Every cloud provider has instances that are available with specialized hardware, they also have a lot of services that will allow you to spin up clusters to do distributed computing, like Kubernetes clusters, and there’s frameworks on top of that that we can talk about in a bit… So I think wherever you fall on that spectrum, there is a route forward. But in either case you’re going to have some number of compute nodes on-premise or in the cloud that maybe some have just regular CPU’s, maybe some have GPU’s, and then you’re gonna have some storage that is storing the data that you’re working with for your training datasets, and that sort of thing.

Now let’s say that’s the base - so you’ve figured out whether you’re gonna be in the cloud or on-premise, whether you have dedicated hardware or you’re using the cloud stuff - what do AI people actually run on top of this compute and storage infrastructure?

Maybe let’s first think about “What do people run on this for model development and experimentation?” What’s your experience there, Chris? You mentioned notebook environments like Jupyter - do you run those off of your laptop? Do you have experience hosting those within your infrastructure for model development, or how does that work for you?

Often I will start locally… It kind of depends – at this point, with me being more Docker-focused, I’ve found that it’s easier to go ahead and… In the beginning, I used to open up a Jupyter notebook locally, but then I had to package it up and go put it into the Docker, and I’ve gotten to where I just start off with the Docker container these days, because there’s a little bit more to do in that (slightly) than just opening up a notebook… But that way I don’t have to do the “package it all up” later; it’s easier, because once I get into my workflow, I can start just building, and then when it makes time, I can run the container on the infrastructure. So for me personally, that’s an easier way to go.

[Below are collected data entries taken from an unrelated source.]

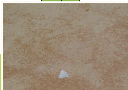
1 Przygotowanie powierzchni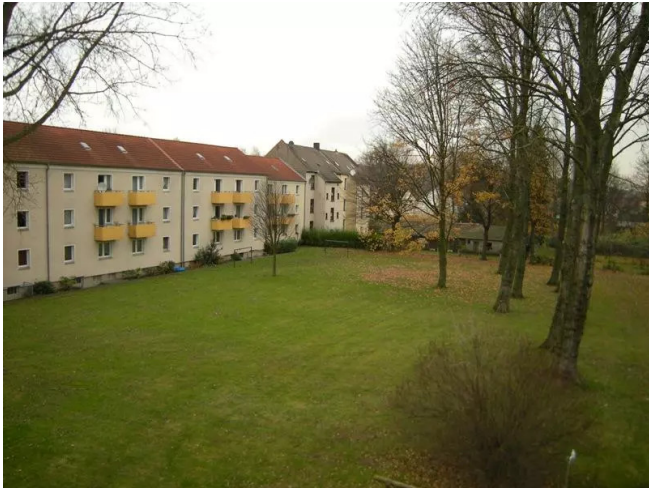
Balkonausblick ins Grüne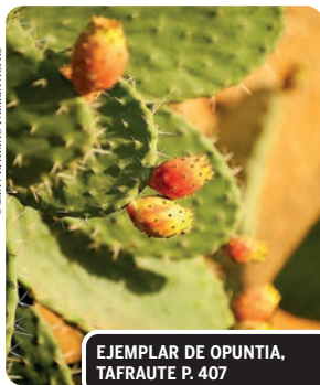
EJEMPLAR DE OPUNTIA, TAFRAUTE P. 407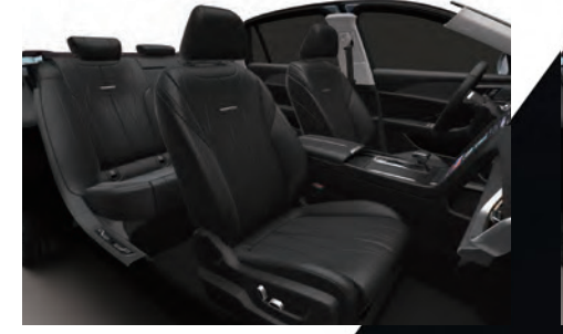
أسود | Graphite Black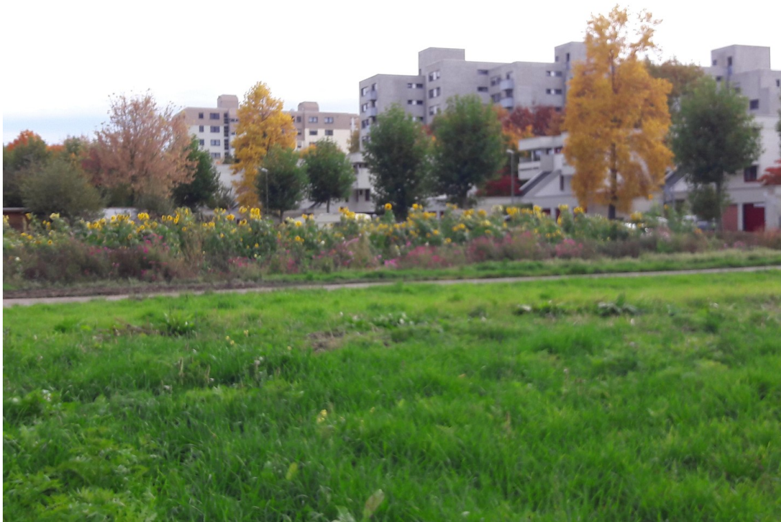
Blick auf die Wohnanlage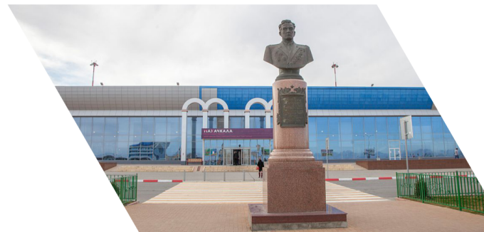
Международный аэропорт Махачкала (Уйташ) имени дважды Героя Советского Союза Амет-Хана Султана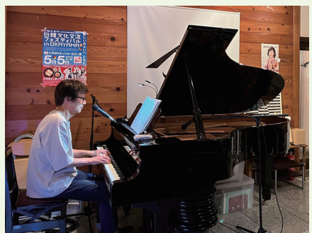
2022年5月には倉敷の富士のやさんでワンマンライブ。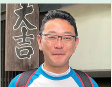
秀明大学 観光ビジネス学部准教授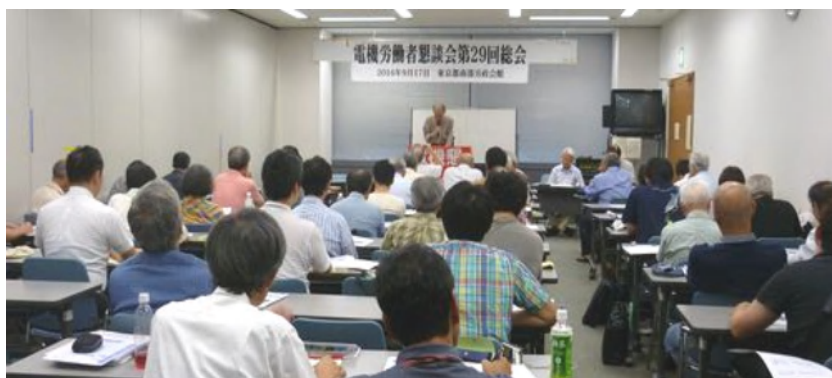
電機労働者懇談会第29回総会

の生活を楽しく送って欲しい。 頼むと安心して愛犬を預けることができる。そのペットシッターは保健所への登録が義務付けられている。歳を取ってもいろいろな人の助けを借りてペットとの生活を楽しく送って欲しい。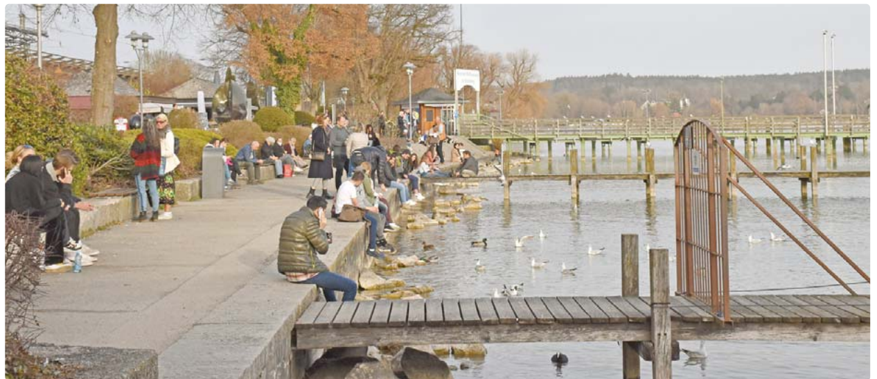
Die Seepromenade ist ein beliebter Treffpunkt. Hier darf man aber nur noch einen Dämmereschoppen zu sich nehmen. Ab 22 Uhr ist Alkohol verboten.

geschlossen hatten, wurde das Wetter schlecht und dann kam der Herbst“, so Janik. Er plädierte dafür, die Verordnung zu lassen und am Ende der Sommersaison ein Fazit zu ziehen. Dafür fand sich am Ende auch eine Mehrheit im Stadtrat. Nur um Haaresbreite wurde indes das Mitführ-Verbot bestätigt. ha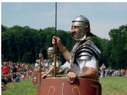
Abb 53: Römer- und Germanentage in Kalkriese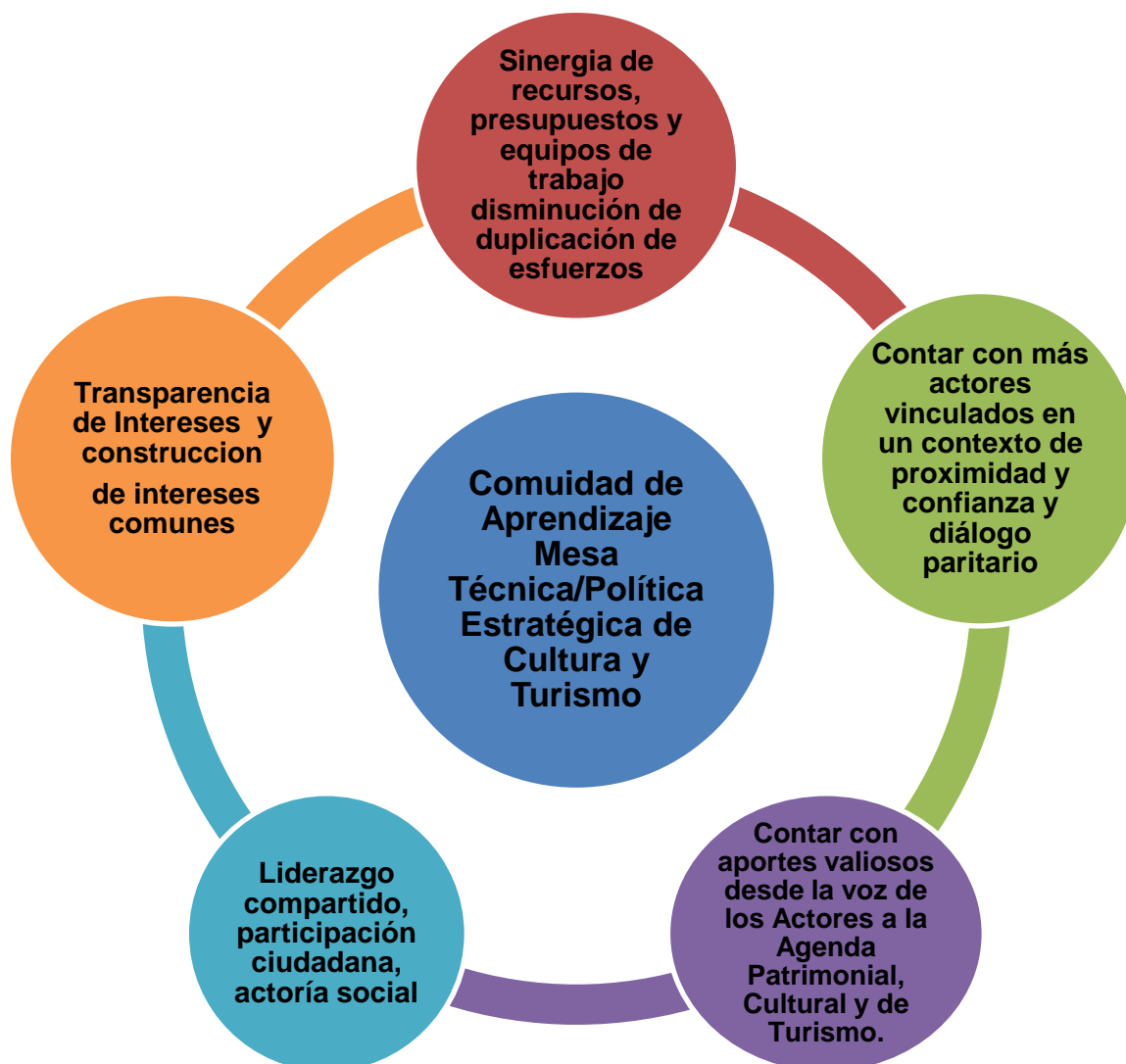
Gráfico 2: Potencialidades de la Mesa Técnica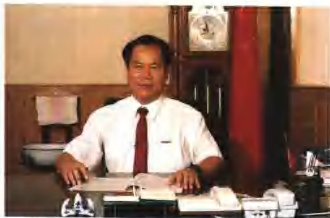
党组书记、院长杨克信

1996年两级人民法院坚持“两手抓，两手都要硬”的方针，紧紧围绕经济建设这个中心，充分发挥审判职能作用，依法从重从快判处了一批严重刑事犯罪分子，促进了社会稳定；审理了大量民事、经济纠纷案件，消除不安定因素，促进了市场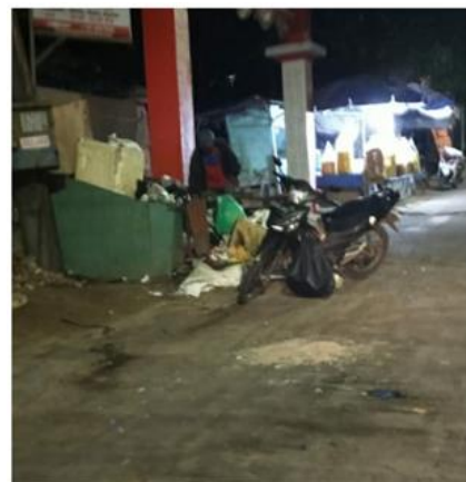
Tindakan pelanggaran terhadap larangan mengeruk/mengais sampah di TPS Kelurahan Rawasari Kota Jamb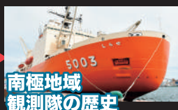
南極地域 観測隊の歴史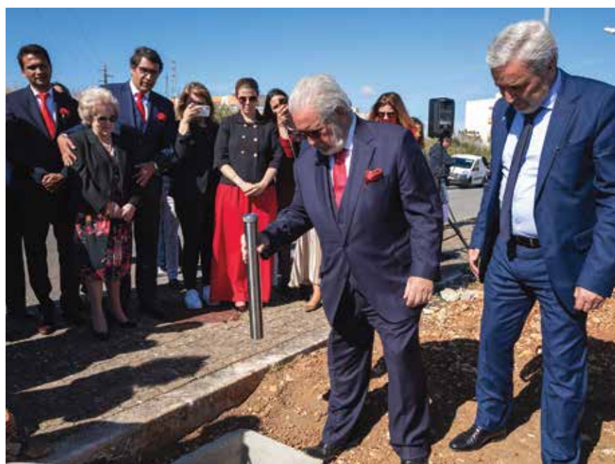
Colocação da primeira pedra da Alameda da Zona C, no Bairro do Casal da Choca

O presidente da Câmara Municipal de Oeiras inaugurou no dia 25 de abril a empreitada de requalificação dos espaços exteriores da Quinta da Estrangeira, promovida no âmbito do processo de reconversão desta área urbana sob gestão do Gabinete Técnico Local.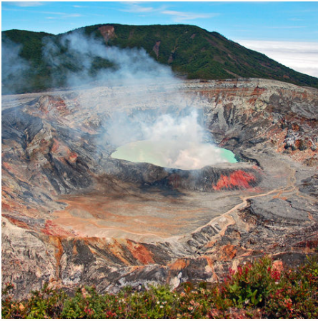
Rauchender Krater des Vulkans Poás, Costa Rica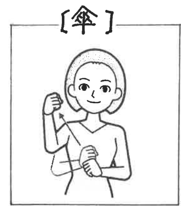
上下につけた両手拳の右手拳を上へ上げる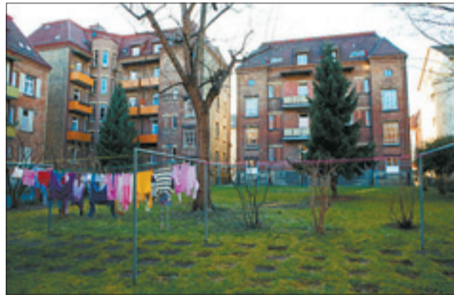
Waschtage in einem der malerischen Hinterhöfe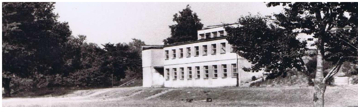
Rysunek 1. Budynek szkoły 1974 rok.

Rok szkolny 1972/1973 wnosi wiele zmian w pracy szkoły: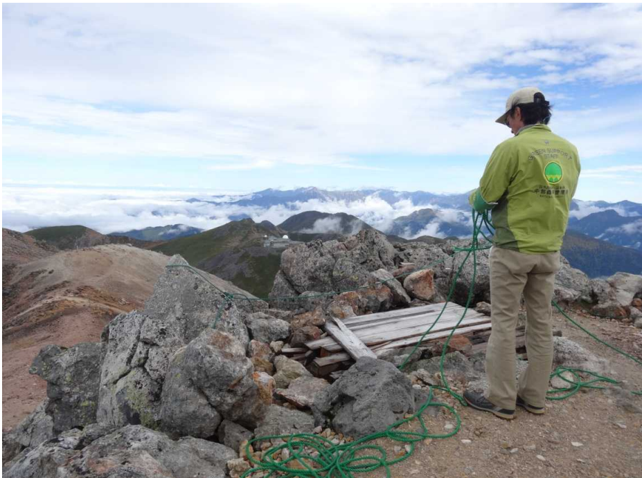
登山道のロープ張り

There’s also the how do you set up the resources, what do you want to select. I’ve used Domino, DataLabs, and that is enabling – it gives you a very nice front-end when you have different types of equipment out there. It’s something obviously you don’t need – if you’re in a cloud environment, then you have those interfaces that you’re gonna be used to from that provider, whichever one you wanna choose, to do that… But Domino kind of gives me that on the front-end if I have our own infrastructure back-end. At that point, it’s just scheduling it, moving it over there. And again, there’s a lot of variability on how you wanna do that.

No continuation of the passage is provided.